5.4 Clustering of superheroes

Then, we performed a clustering analysis on superheroes using the k-means algorithm. Initially, the attributes, intelligence, strength, speed, durability, power, combat, height_cm, and weight_kg were extracted into a subset called numeric_vars. Missing values were removed from this subset to ensure only complete cases (428 cases) were used in the clustering analysis, which is crucial for obtaining reliable clustering results. The cleaned data (numeric_vars_clean) was then standardized using the scale() function, ensuring that all variables are on the same scale and do not unduly influence the clustering due to differences in magnitude.

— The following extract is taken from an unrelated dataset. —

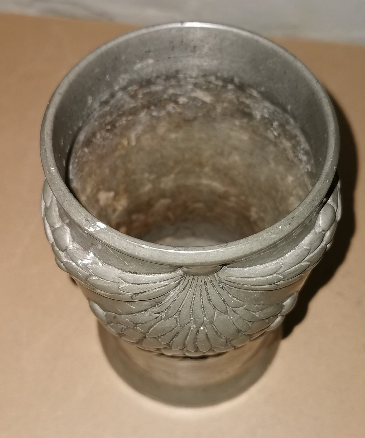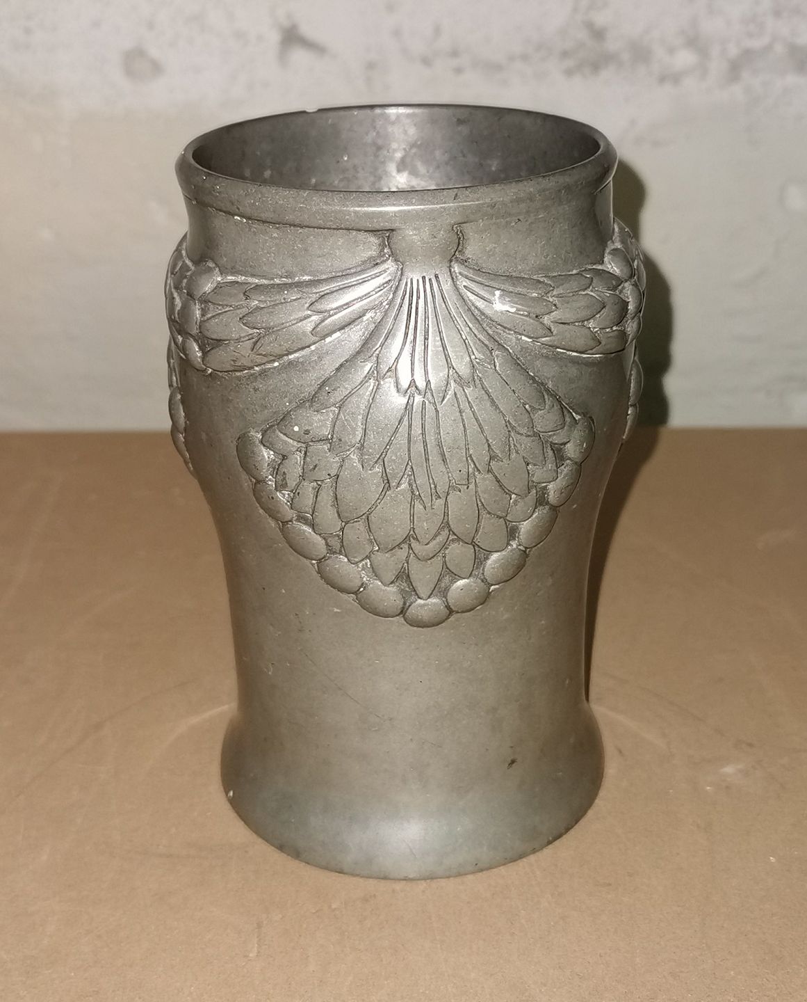Mogens Ballin´s efterfølger: Vase i tin med dekoration med guirlander af bladværk i relief. Fremstillet på Mogens Ballin´s Eftf.s værksted Hans Peter Hertz, der også arbejdede med sølv i samme periode. Fremstillet omkring 1920. Stemplet HPH samt modelnummer T 52. Fremstår i god stand uden skader eller reparationer. Almindeligt brugsslid efter brug. H. 15 cm.

The analysis involved applying the k-means algorithm with different numbers of clusters (k = 2, k = 3, and k = 4) to the scaled data, represented by numeric_vars_scaled. The k-means algorithm attempts to partition the data into k distinct clusters based on minimizing within-cluster variances. The use of nstart = 25 indicates that the algorithm will be run 25 times with different initial centroid configurations, and the best result (in terms of minimizing within-cluster sum of squares) will be chosen. This approach helps avoid local minima and provides a more robust clustering outcome. To help users better understand the k-means, a flowchart about how this algorithm works was attached here:

For each value of k (2, 3, and 4), the resulting clusters are visualized using the fviz_cluster() function, which plots the superheroes based on their clustering assignment. The geom = "point" argument indicates that individual data points are plotted, and the ellipse.type = "convex" argument represents each cluster with a convex hull to visually distinguish different groups.

numeric_vars <- superheros |>
  dplyr::select(intelligence, strength, speed, durability, power, combat, height_cm, weight_kg)
superheros_clean <- superheros[complete.cases(numeric_vars), ]
numeric_vars_clean <- superheros_clean |>
  dplyr::select(intelligence, strength, speed, durability, power, combat, height_cm, weight_kg)

numeric_vars_scaled <- scale(numeric_vars_clean)

set.seed(1)

kmeans_result_2 <- kmeans(numeric_vars_scaled, centers = 2, nstart = 25)
plot_2 <- fviz_cluster(kmeans_result_2, data = numeric_vars_scaled,
                       geom = "point",
                       ellipse.type = "convex",
                       ggtheme = theme_minimal()) +
  labs(title = "k = 2")

kmeans_result_3 <- kmeans(numeric_vars_scaled, centers = 3, nstart = 25)
plot_3 <- fviz_cluster(kmeans_result_3, data = numeric_vars_scaled,
                       geom = "point",
                       ellipse.type = "convex",
                       ggtheme = theme_minimal()) +
  labs(title = "k = 3")

kmeans_result_4 <- kmeans(numeric_vars_scaled, centers = 4, nstart = 25)
plot_4 <- fviz_cluster(kmeans_result_4, data = numeric_vars_scaled,
                       geom = "point",
                       ellipse.type = "convex",
                       ggtheme = theme_minimal()) +
  labs(title = "k = 4")

grid.arrange(plot_2, plot_3, plot_4, ncol = 3)

The figure above shows the clustering analysis, where k-means method was applied with different values for the number of clusters (k=2,3,4).

In the first plot (k=2), the data points are grouped into two cluster. Compared to k = 3, two clusters are insufficient to adequately capture the diversity within the data, resulting in misclassification and poor separation between distinct groups.
In the third plot (k=4), the data is divided into four clusters. There is evidence of over-classification, with cluster 1 and cluster 3 overlapping to much with each other.
In the third plot (k=3), the clustering with three clusters appears to strike the right balance. The distinct groups are more clearly defined compared to k=2. Unlike k=4, there is no evidence of excessive fragmentation. This value, k=3, captures the major variations while maintaining well-separated and interpretable groups.

5.4.1 List of clustering

Here is the list of superheroes in each clustering group.You may find your favourite superhero here.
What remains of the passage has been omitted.